Case ID: nj-eq_119/html/0094-01.html
Source: Caselaw Access Project
Author: {"author": "Parker, J.", "license": "Public Domain", "url": "https://static.case.law/"}
Date Created: 2024-08-24T03:29:51.129683

Alice Quinlan, complainant-appellant, v. Frank X. Quinlan, executor, &c., et al., defendants-respondents. Alice Quinlan, respondent, Frank X. Quinlan, executor, &c., et al., appellants.
    [Submitted June 21st, 1935.
    Decided October 9th, 1935.]
    
      Mr. Thomas J. Armstrong, for the complainant below.
    
      Mr. Robert H. Brenner, for the defendants below.
   The opinion of the court was delivered by

Parker, J.

The suit was by the widow of Robert Quinlan, deceased, against the executors of, and beneficiaries under his will, to recover real and personal property of which as between herself and her husband she claimed to be owner. In particular, as affecting this appeal, she claimed the proceeds of fifteen matured shares of a building and loan association as having been wrongfully paid to her husband and used by him. The vice-chancellor found for defendants as to all but the proceeds of the building loan shares, which he awarded to her without interest. From this award the defendants appeal. The complainant appeals solely from the refusal to award interest on the proceeds of the stock.

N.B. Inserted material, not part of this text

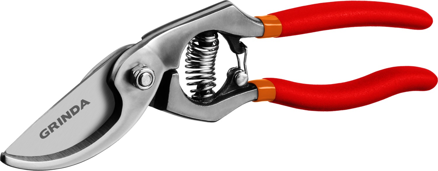 GRINDA G-7, 210 мм, высокоуглеродистая сталь, направленное под углом лезвие, цельнокованый, покрытие ПВХ, плоскостной секатор (423107)

As to the defendants’ appeal: the case in this aspect is mainly, if not entirely, one of fact. Complainant, under the proviso in section 4 of the Evidence act (Comp. Stat. (at p. 2218), was debarred from testifying to transactions with her deceased husband, but the vice-chancellor decided on the evidence before him that the stock had belonged to complainant, that her husband had received the proceeds, and that there was nothing to show that he had ever accounted to complainant for them. We think his conclusions were fully justified by the evidence, and on the defendants’ appeal the decree will be affirmed.

As to the complainant’s appeal: the vice-chancellor did not discuss the matter of interest in his memorandum, but cited Ward v. McLellan, 116 N. J. Eq. 308, on the statute of limitations. That case also held, on the authority of Riker v. Riker, 83 N. J. Eq. 198, that in the absence of evidence to indicate an understanding or agreement between husband and wife that interest should be paid, it would not be allowed. The case of Fike v. Fike, 3 N. J. Mis. R. 485; 128 Atl. Rep. 849, is to the same effect. We find no evidence of any such agreement. The bill claimed that the husband promised to apply the proceeds of the stock in reduction or payment of a mortgage on the Dwight street house (which complainant claimed was hers, but unsuccessfully) and had failed so to apply it; but the case is barren of evidence on that score. Hence we are not called upon to decide what rule should be applied in case of a fraudulent conversion of the wife’s money. Generally, the rule appears "to be that as between husband and wife an agreement to pay interest will not be presumed from the mere fact that one had funds belonging to the other.

On complainant’s appeal also, the decree will be affirmed.

For affirmance—The Chief-Justice, Trenchard, Parker, Lloyd, Case, Bodine, Donges, Heher, Perskie, Van Buskirk, Hetfield, Dear, Wells, WolfsKeil, Rafferty, JJ. 15.

For reversal—None.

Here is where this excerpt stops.